Since I am more tactful in conversation than in writing, I investigated this a little and noted that not too many generations ago, living to that age would have been considered an achievement in itself, yet now we expect that people should live on even longer. Not only that, we think that it is normal and universal, yet there are many places on earth where the life expectancy is still much like it was back those few generations ago. 

I have a friend who lost her grandmother a few months ago and she was very upset, because she feels that if she had been there, she could have done something and called an ambulance to get her help so she could live. She was turning 90 or 95 or something. 

At what point did the change happen that we expect people to live forever?

But it is not only that. My client was telling that in her grandmother's family there were nine children, but four died during childhood. This is another thing that at least in the western world we have seemed to forgotten, child mortality is a thing due to problems like viruses, as well as many other issues. They say that the worst thing is for a parent to lose a child, but what isn't actually that long ago in the western world and still very common in many parts of the world is, parents are quite likely to lose multiple children. 

If anything is an indicator of the progress we made, perhaps it is the expectation that we are entitled to live to very old age and we have created a society where it is common place. Again, I know that this isn't the case everywhere for many reasons, but in Finland where there is available healthcare and a relatively safe community, it is common to the point that we blame doctors for not being able to save a ninety something year old from heart failure. 

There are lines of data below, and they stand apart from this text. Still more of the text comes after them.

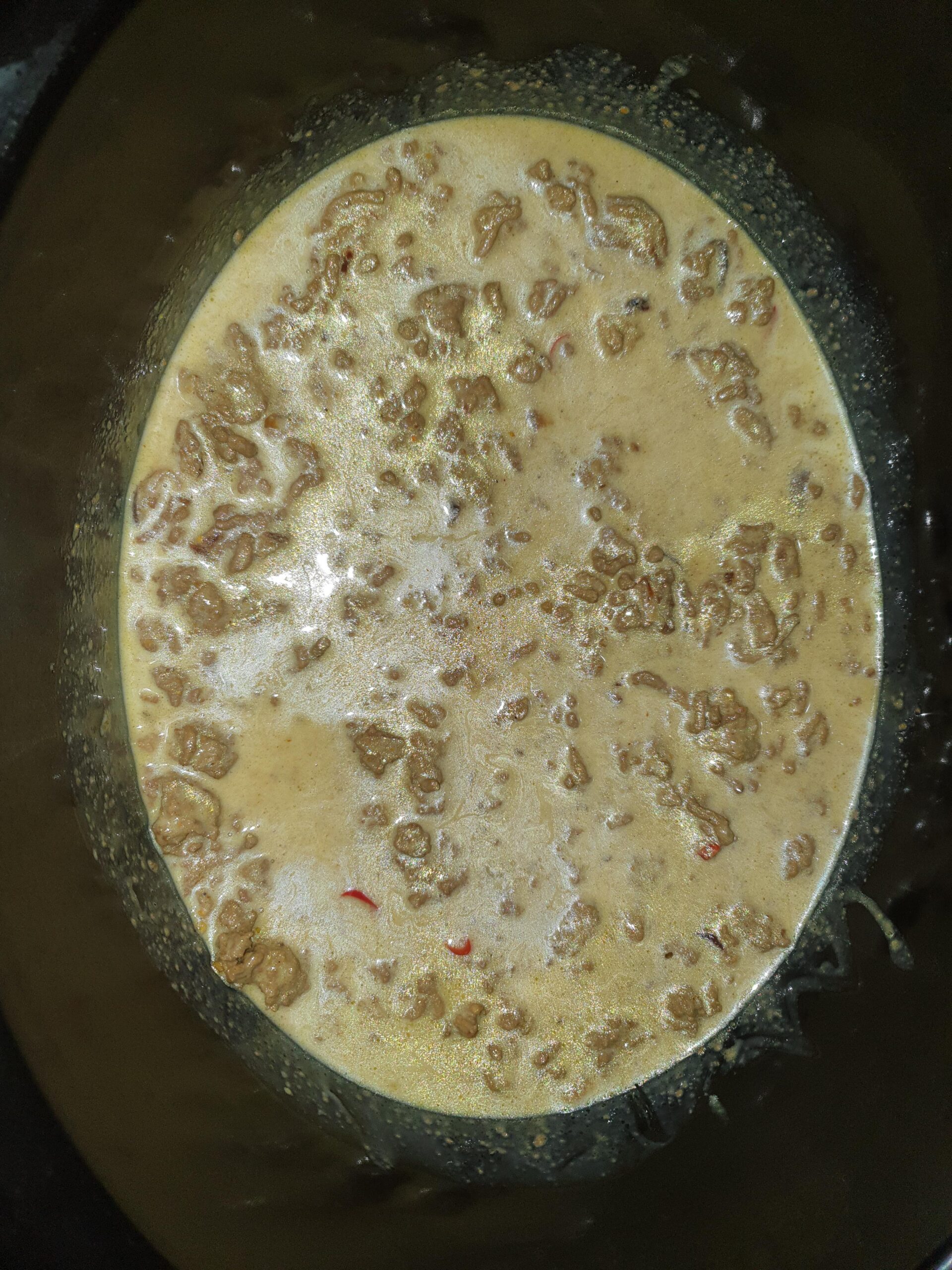 6. Pour the coconut cream over the lamb mince in the slow cooker. Stir to combine all the ingredients.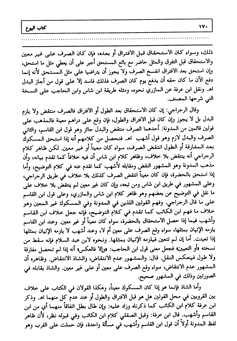 وَأَمَّا الشَّاذُّ، فَإِنَّمَا هُوَ إذَا كَانَ الْمَسْكُوكُ مُعَيَّنًا وَهَكَذَا الْقَوْلَانِ فِي الْكِتَابِ عَلَى خِلَافٍ بَيْنَ الْقَرَوِيِّينَ فِي مَحَلِّ الْقَوْلَيْنِ هَلْ هُوَ قَبْلَ الِافْتِرَاقِ وَالطُّولِ أَوْ عِنْدَ عَدَمِ كُلٍّ مِنْهُمَا ا هـ. وَذَكَرَ ابْنُ عَرَفَةَ كَلَامَ ابْنِ الْكَاتِبِ، كَمَا ذَكَرْنَاهُ وَزَادَ عَلَيْهِ، وَإِنْ طَالَ بَطَلَ اتِّفَاقًا مِنْهُمَا، أَيْ مِنْ ابْنِ الْقَاسِمِ وَأَشْهَبَ قَالَ ابْنُ عَرَفَةَ وَقَبِلَ الصَّقَلِّيُّ كَلَامَ ابْنِ الْكَاتِبِ وَفِي قَبُولِهِ نَظَرٌ؛ لِأَنَّ ظَاهِرَ لَفْظِ الْمُدَوَّنَةِ أَوَّلًا أَنَّ قَوْلَ ابْنِ الْقَاسِمِ وَأَشْهَبَ فِي مَسْأَلَةٍ وَاحِدَةٍ فَإِنْ حَمَلَتْ عَلَى الْقُرْبِ، وَهُوَ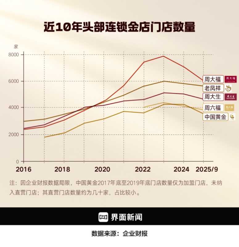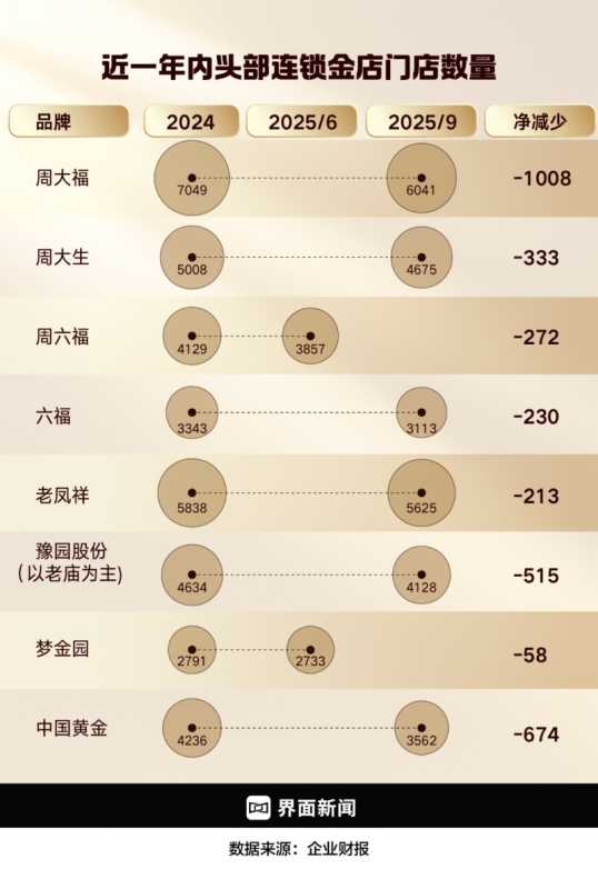 参考拥有2000家以上门店的黄金珠宝上市公司,2025年前9个月,仅这些大公司总共就关停了至少3303个销售点。更别提还有那些开在县城乃至乡镇的个体户金店。如果去这些地方的步行街走上一圈会发现,曾经人头攒动的金铺不少都变得门庭冷清,很多金店则已经摘下了招牌。

Of course, I understand none of us want to lose the ones we care about the most in this world, but I also wonder if we are losing the understanding of the circle of life and as a result, become less able to cope with it when it happens. The next question is, do we value life more because we see less death, or less because we expect we are going to live quite long lives? Does it change the way we live our days?

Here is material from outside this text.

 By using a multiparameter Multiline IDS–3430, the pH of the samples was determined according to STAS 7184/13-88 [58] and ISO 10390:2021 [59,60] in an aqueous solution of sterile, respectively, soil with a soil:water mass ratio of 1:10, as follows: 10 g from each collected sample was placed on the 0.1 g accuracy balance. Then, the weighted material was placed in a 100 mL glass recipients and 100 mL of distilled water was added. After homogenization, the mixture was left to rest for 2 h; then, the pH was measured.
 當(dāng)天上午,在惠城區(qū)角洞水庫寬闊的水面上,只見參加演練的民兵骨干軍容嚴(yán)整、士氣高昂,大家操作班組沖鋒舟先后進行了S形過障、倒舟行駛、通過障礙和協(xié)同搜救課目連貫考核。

I think that when it comes to value, scarcity matters and perhaps we would value our lives more if we understood how short they really are, whether it be thirty years or eighty. A lot of people when they are young believe they have a lot of life ahead, but I notice that people older than myself say things to me like "you have plenty of time, you are young"  - and I am 40+ and definitely don't feel like I have plenty of time ahead. How long and how well do people expect to live these days?

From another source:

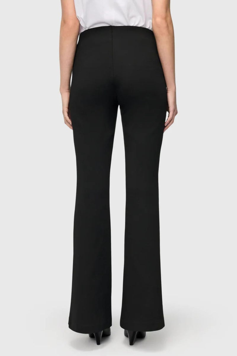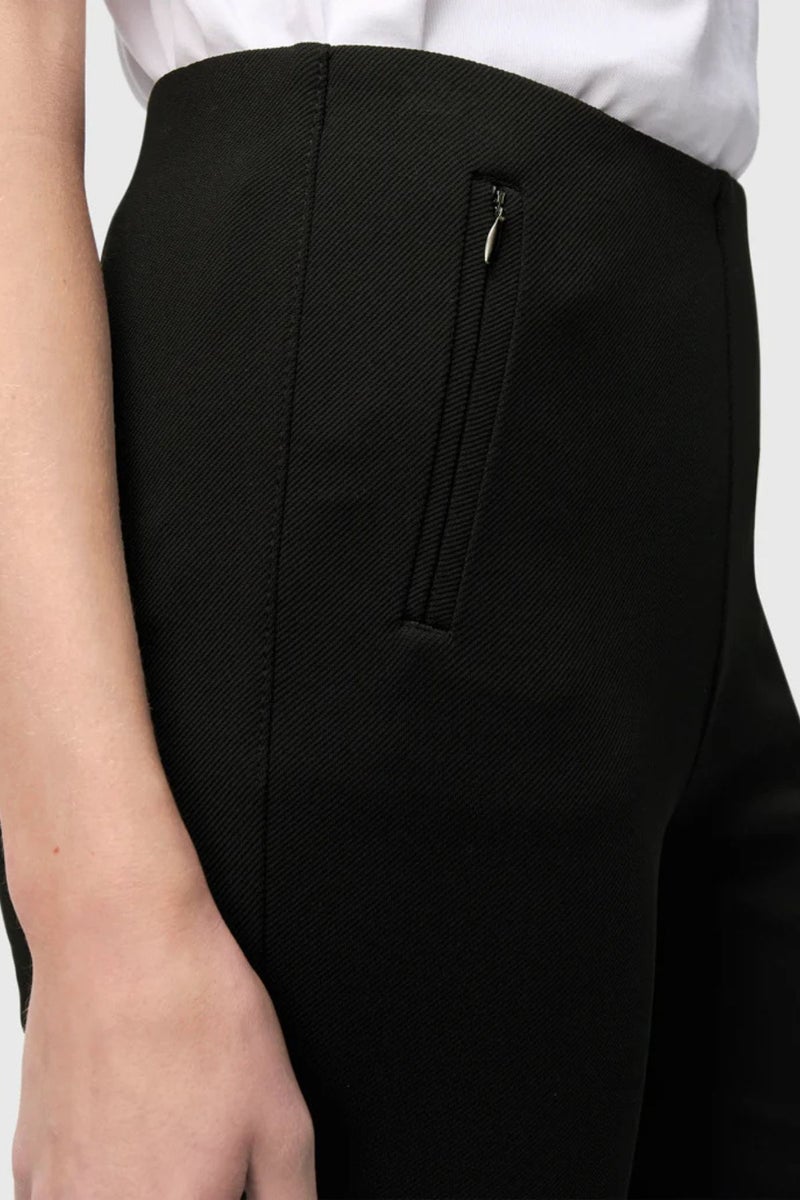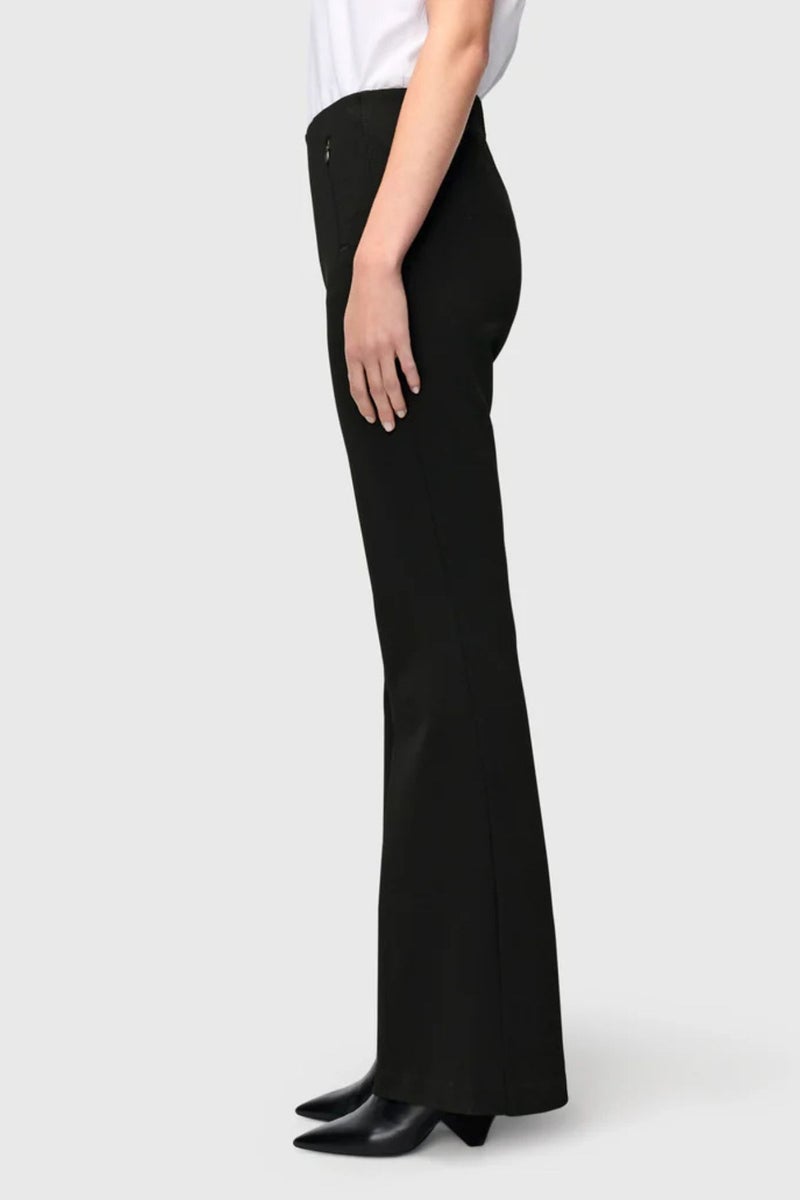 Housujen suorat ja alaspäin levenevät lahkeet tuovat ryhtiä ja pituutta olemukseen. Keskikorkea vyötärö ja jump-in -malli takaavat ensiluokkaisen käyttömukavuuden. Edessä olevat vetoketjulliset sivutaskut lisäävät housujen sporttisen eleganttia ilmettä.

My views on this might also be driven by my early-onset chronic illness that made me come to terms with my own mortality as a teen and accept that I am unlikely to live long and prosper. Well, if I am lucky, I might get that *prosper* part if things go extremely well with crypto. Yet, the "live long" part isn't likely. What I am more concerned with at the moment is more the idea of quality of life - *living well* over long. 

This will mean different things to different people, but I don't think surviving into old age just so I can sit in a rocking chair and listen to the news is what I would consider a valuable life for myself. But again, I might have a skewed view of this because I am someone who values working - something I consider vital for a well-lived life. Of course, that work has to be meaningful. 

And I guess this is where I will wrap it up and leave it for the night. What is the meaning of your life? Now this might seem a big question, but should it be? If you haven't explored it for yourself, how do you know you are acting toward your meaning? And if you think life is meaningless, why do you do the things you do and consider them important enough to do? 

I wonder how many people believe that the core meaning of their life is to live as long as possible. And while I am not old enough to reflect upon this perhaps, if I ever did make it to that age, would I look back and consider that the life I lived had value, and if it did - why?